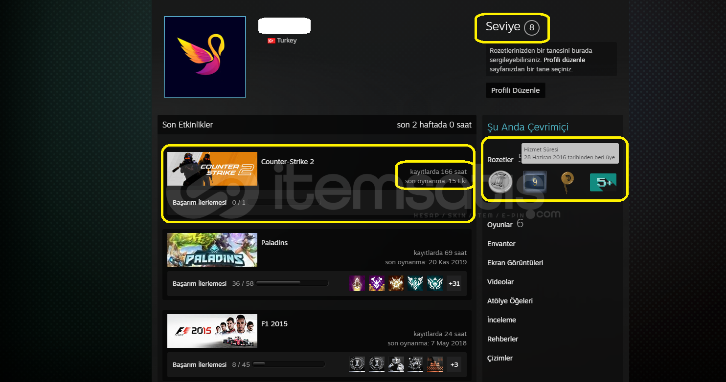 STEAM PROFİL SEVİYESİ : 8 SEVİYE
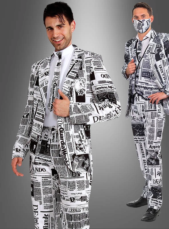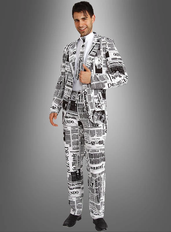 Bedruckte Anzüge mit witzigem Design sind der Renner. Mit diesem Zeitungsanzug sind Sie immer auf dem neuesten Stand, denn Sie tragen die aktuellen Schlagzeilen am Körper. Frisch aus der Druckerpresse zur nächsten Party sozusagen. Wer auffallen möchte, für den ist dieses Kostüm ideal.
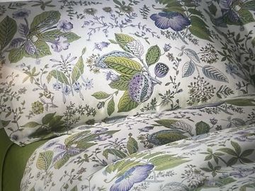 King/queen duvet cover set in soft, woven cotton fabric. Two pillowcases with envelope opening.
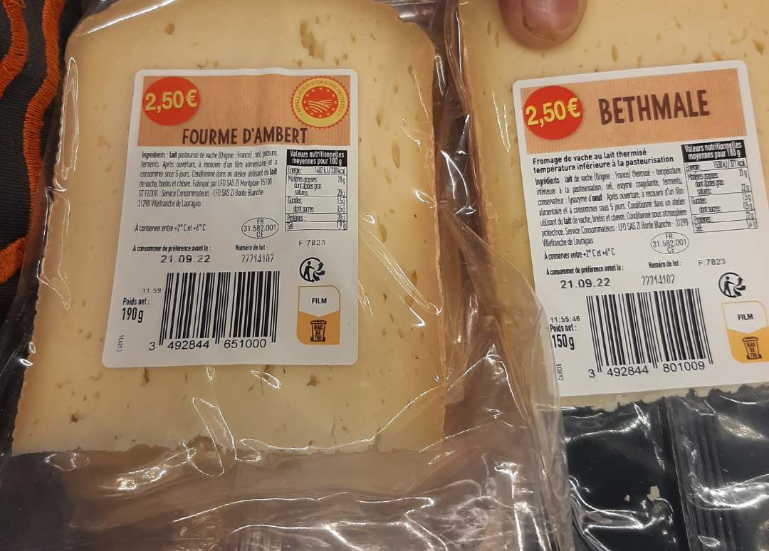 - BETHMALE 2,50€ 150 g étiqueté Fourme d'Ambert 2,50€ 190 g
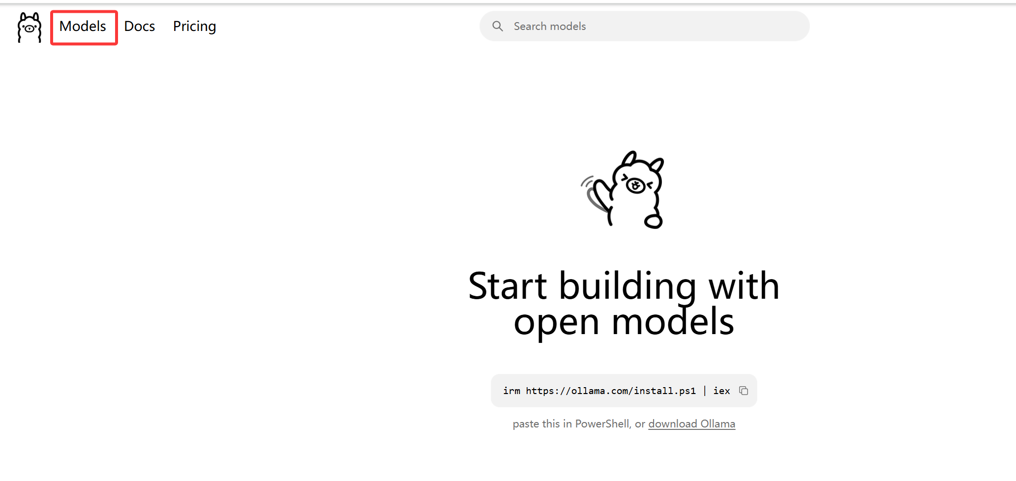 现在开始在ollama中下载部署本地模型,在ollama官网点击 Models
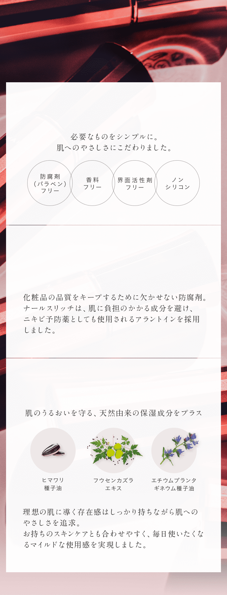 シワ対策や保湿の成分が
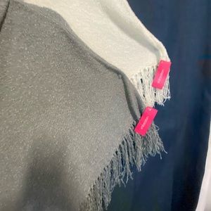 Beautiful hand-knit look cowlneck women’s ponchos bundle. Beautiful fringe, easy to pair with. NWT XS I would say would fit small as well and maybe some Mediums esp. Because they do stretch & conform to your body. Off-white pearl and grey. Both NWT. They are also listed separately, feel free to check out those listings for the full description. But feel free to message me with any questions as well! Bundle special :))

> _Exercise prompt_: The copy should hold only the lines from the one with "Bedruckte Anzüge mit" through the one with "シワ対策や保湿の成分が", exactly as they stand above. Leave out the pictures.

> _Result below_:
 Bedruckte Anzüge mit witzigem Design sind der Renner. Mit diesem Zeitungsanzug sind Sie immer auf dem neuesten Stand, denn Sie tragen die aktuellen Schlagzeilen am Körper. Frisch aus der Druckerpresse zur nächsten Party sozusagen. Wer auffallen möchte, für den ist dieses Kostüm ideal.
 King/queen duvet cover set in soft, woven cotton fabric. Two pillowcases with envelope opening.
 - BETHMALE 2,50€ 150 g étiqueté Fourme d'Ambert 2,50€ 190 g
 现在开始在ollama中下载部署本地模型,在ollama官网点击 Models
 シワ対策や保湿の成分が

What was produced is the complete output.